In B.C., we await the ﬁnalization of two key regulations – Alternative Dispute Resolution and Indigenous Capacity Funding. The Alternative Dispute Resolution regulation will address how Indigenous Nations will resolve disputes when consensus cannot be achieved with or amongst the Nations at a particular stage of the provincial environmental assessment process. The province, for its part, continues to draft detailed policy guidance and FAQs to help navigate the process.
Nonetheless, until a critical mass of projects proceeds through these processes, public conﬁdence is unlikely to increase and project proponents are unlikely to obtain greater certainty. This is not a criticism; rather it is the reality of change which is compounded by increased expectations around greater public participation in the assessment process.
3. Increasing reclamation security
As the provincial government formalizes its risk management framework for mine security, it will likely lead to increased reclamation security requirements for mineral exploration and development.
Given the government’s other policy commitments, there is a potential for climate change or adaptation costs to become factors in the reclamation security calculation. The BC First Nations Energy and Mining Council has called for the province to collect mining reclamation costs in full and up front. While the province must address the ﬁnancial risk to taxpayers from any shortfall between the estimated reclamation costs of a mine and the security held by government, it must also ensure that the cost of entry is not prohibitive to deter mining or exploration all together.

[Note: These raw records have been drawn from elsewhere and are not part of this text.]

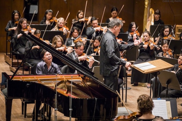 Then followed a long change as stagehands arranged chairs, moved the piano and set the venue up to accommodate the full orchestra. The pianist for Rhapsody was jazz composer Makoto Ozone, and he and Gilbert proved to able collaborators on the full version of this famous piece. True, the long cadenza was a bit self-indulgent, wandering into modal territories before strings, horn and triangle brought the piece back home, but the strong playing of the orchestra made this familiar Gershwin work sparkle.
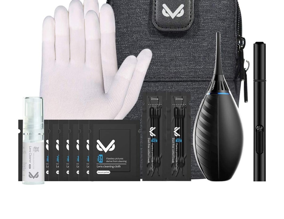 VSGO VS-A3E Warp-up Camera Cleaning Kit Portable Bag Air Blower Lens Cleaning Pen Spray Cotton Swab Cloth for Camera Lens Optical Optical Phone
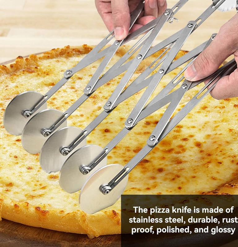 The 5-Wheel Adjustable Pastry Cutter is a versatile kitchen tool designed for precise and consistent cutting. Whether you're making pasta, pizza, brownies, or cookies, this tool allows you to create clean, evenly spaced cuts in one smooth motion.
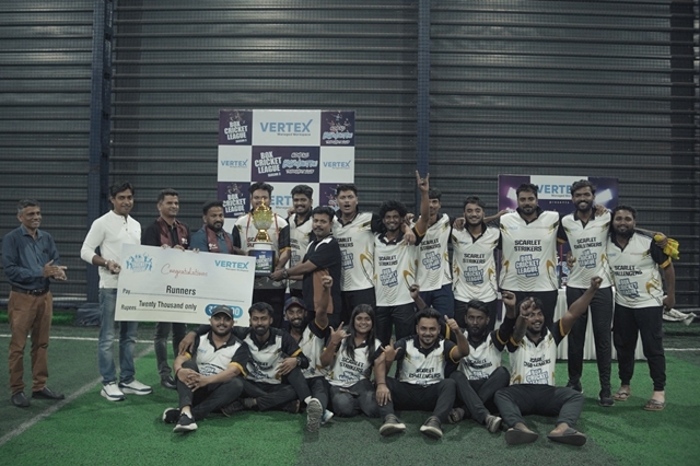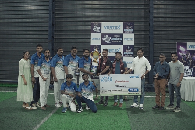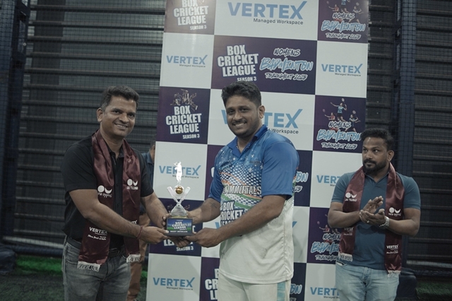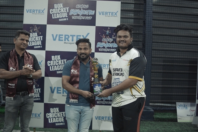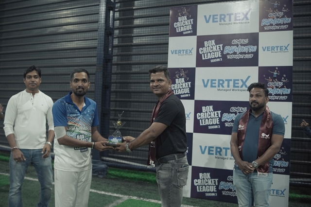 The Box Cricket League witnessed intense competition, nail-biting finishes, and high-energy performances throughout. Team Vertex Immortals, led by Prashanth Bangera from Vertex Workspace, emerged as the champions, while Team Scarlett Strikers, led by Siddharth Ballaya from Scarlett Wireless, secured the runner-up position. The Man of the Series title was won by Siddharth Ballaya from Scarlett Wireless for his consistent and impactful performance. Best Batsman was awarded to Sathim Hegde & Best Bowler was awarded to Steevan Clarence Noronha.

Levers such as progressive reclamation and return of related security are some balancing tools that can assist.
4. Rapidly shifting goal posts
Many in the industry have been practicing early engagement on project planning, seeking Indigenous consent, and regularly reviewing and updating reclamation contingencies. While the British Columbia regulatory landscape is shifting in line with expected trends, what has changed is the rapidly shifting goal posts on what constitutes best practices.
The result is that the government must obtain the broad support to balance economic development, promote and respect Indigenous rights and address climate change – or mining capital will shift to another jurisdiction. Effectively managing change is harder than making the change.